В те дни Ливия много думала об отце. Каково было ему, высшему чиновнику и уважаемому человеку, жить, зная, что его дочь вела себя дурно еще до замужества, а впоследствии запятнала родовое имя тем, что сбежала из дома с человеком, осужденным на смерть, и развелась с мужем? Известно, что женщины неподсудны государству, их может судить только семья, отец или муж. И мало ли было в Риме отцов и мужей, которые выносили таким, как она, смертный приговор?! В глазах всемогущих богов, да и многих сограждан они с Луцием оставались мужем и женой: слишком многое в Риме основывалось на верованиях, давно и прочно укоренившихся в глубине человеческих душ. И теперь Ливия все более явственно ощущала бремя вины перед близкими и ответственность за судьбу своего ребенка. Как всякая женщина, она окончательно повзрослела с рождением дочери и уже не могла, да и не хотела играть с судьбой.

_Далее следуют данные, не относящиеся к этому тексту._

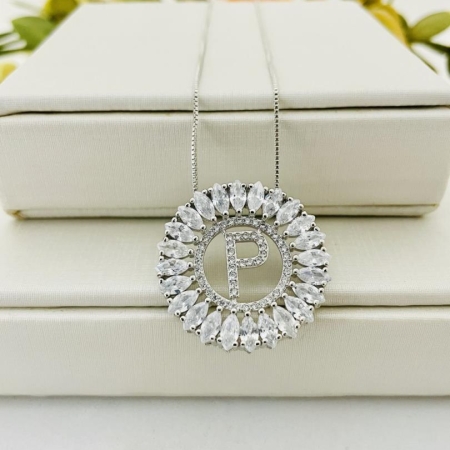 • Colar Com Pingente Inicial Letra P Cravejado
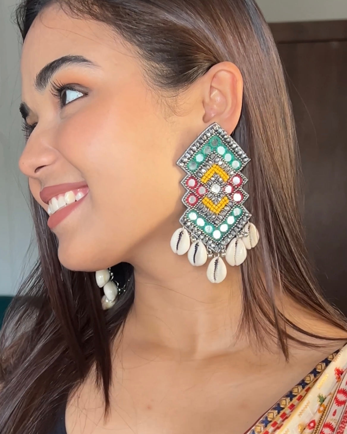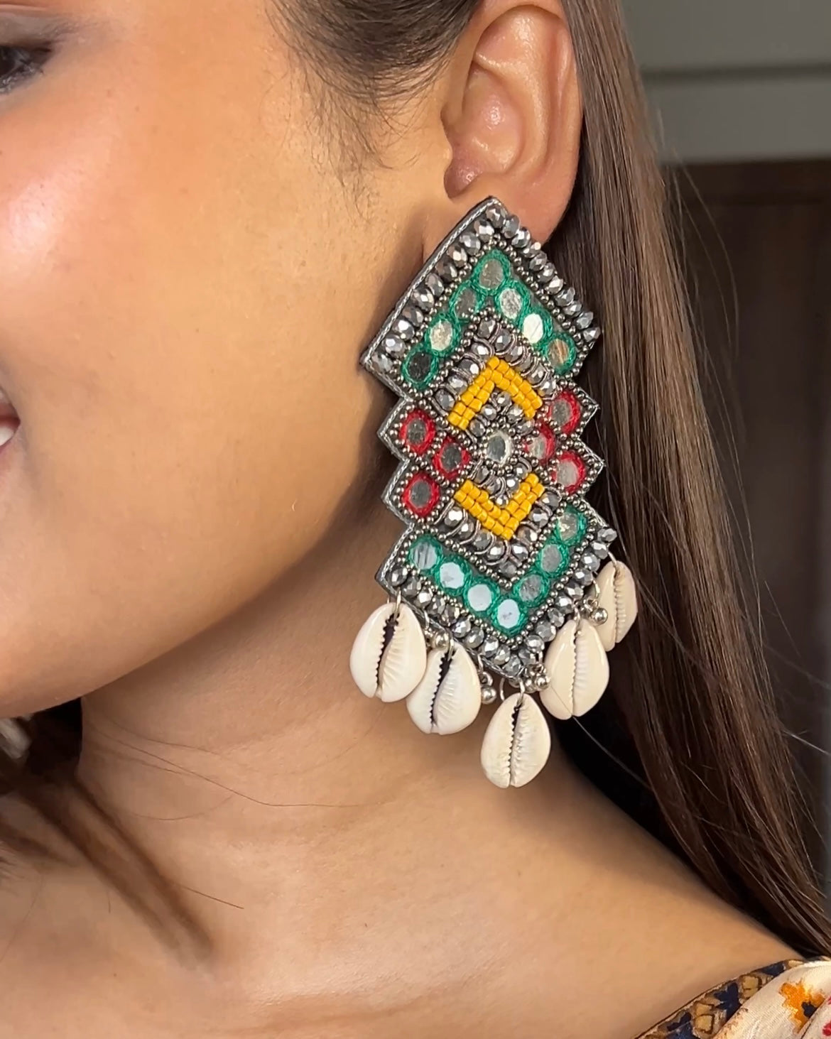 RangRaas Mirror Handmade Beaded Earrings

Вскоре Ливия переселилась в дом мужа, и Луций вел себя так, будто ему совершенно не в чем ее упрекнуть.
…Она не успела выбрать свиток для чтения — вошла рабыня с сообщением, что возле ворот стоит какой-то воин.

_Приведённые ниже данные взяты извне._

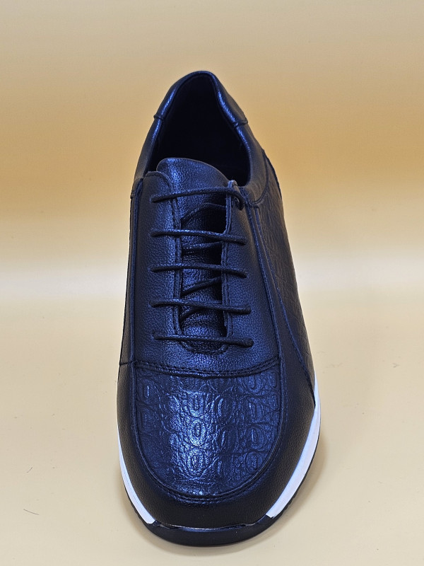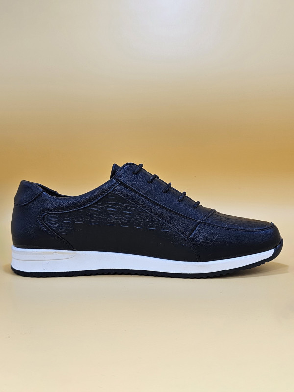 Добавьте стиль в повседневный образ с этими премиальными мужскими кожаными кроссовками, созданными для комфорта и долговечности. Элегантный черный дизайн с тонким тиснением под крокодиловую кожу на верхней части придает классической модели утонченный вид.
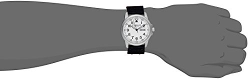 - Feature : Brushed finish stainless steel round shaped case with black canvas covered genuine leather strap / White dial and black printed Arabic numerals with day and date window at three o'clock position / Quartz movement / Case diameter: 42mm / Water resistant to 165 feet
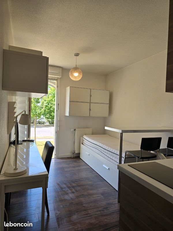A louer studio meublé de 16 mètres carrés à Rennes, au rez-de-chaussée d'une résidence sécurisée avec interphone et badge pour entrée dans la résidence . Idéal pour étudiant. Il se compose d'une pièce principale qui dispose d'une porte fenêtre donnant directement sur un carré de pelouse. Il est équipé d'une kitchenette (frigo, micro-onde, vaisselle, plaque induction), un lit extensible en 2 places, une télévision, d'un placard servant de dressing, séchoir à linge, placard à chaussures, et d'une salle de bains équipée d'une douche. Il dispose de la fibre optique (contrat à sosucrire si besoin). Une place de parking en sous sol fermé est à disposition ainsi qu'un local vélo sécurisé commun à l'entrée de l’immeuble. Il se situe rue de fougères, à proximité du parc des Gayeulles, de tous commerces (centre commercial des longs champs, mac Donald's...) ainsi que du campus de Beaulieu et du lycée Joliot curie et Chateaubriand. Une sortie de métro Beaulieu université est à proximité ainsi que des arrêts de bus. Il sera libre courant janvier 2026. Prix 460 euros + 80 euros de charges (eau chaude + chauffage + ordures ménagères, reste un contrat d’électricité à souscrire uniquement pour la lumière, les appareils électroménagers et informatiques).
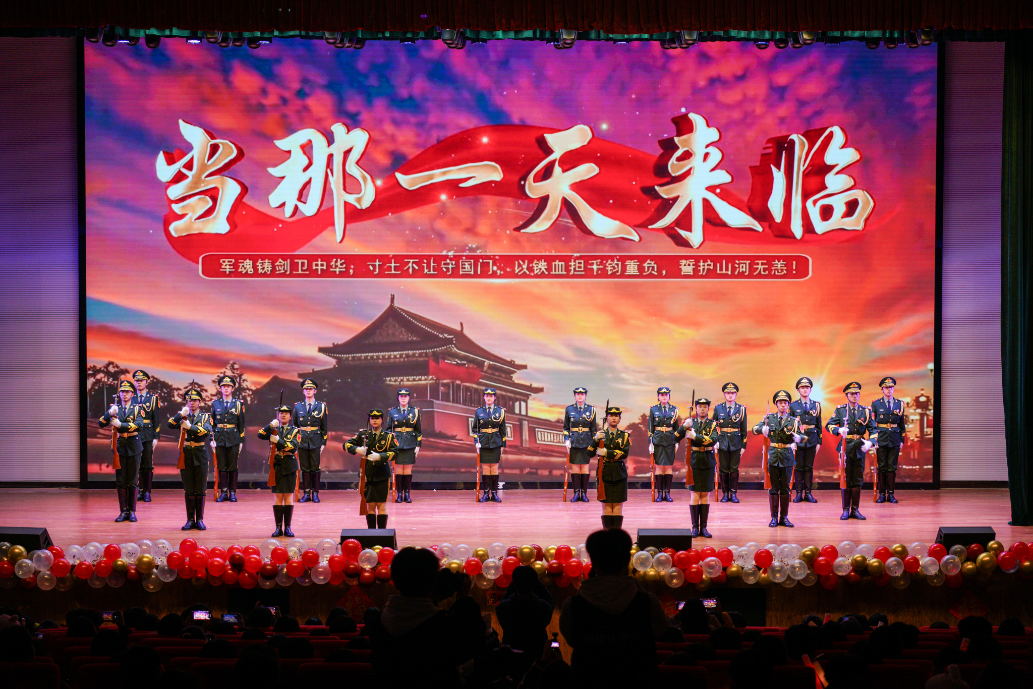 国旗班表演枪操《当那一天来临》。队员们步伐铿锵、动作整齐,展现出新时代青年的责任担当与飒爽英姿,生动诠释了忠诚、责任与担当的深刻内涵。

— Он спрашивает тебя, госпожа!
Ливия тотчас направилась к выходу. Она совершенно не представляла, кто это может быть; в первую очередь у нее мелькнула мысль, что, возможно, кто-то принес ей весть о Гае Эмилии.
Женщина вышла за ворота и увидела его — светловолосого, голубоглазого молодого мужчину. Она остановилась, не понимая, что ему нужно, — Элиар выглядел совершенно неузнаваемым в своем воинском облачении.
— Привет, госпожа, — негромко промолвил он.
— Элиар! — воскликнула пораженная Ливия и радостно устремилась к нему. — Ты жив!
Элиар кивнул. Он стоял, не двигаясь, и прижимал к груди какой-то сверток.
— Откуда ты?!
— Из армии. Я ненадолго, быть может, на несколько дней…
— Но каким образом…
— Про это долго рассказывать, — перебил он. — Прости, госпожа, но я хочу узнать о Тарсии.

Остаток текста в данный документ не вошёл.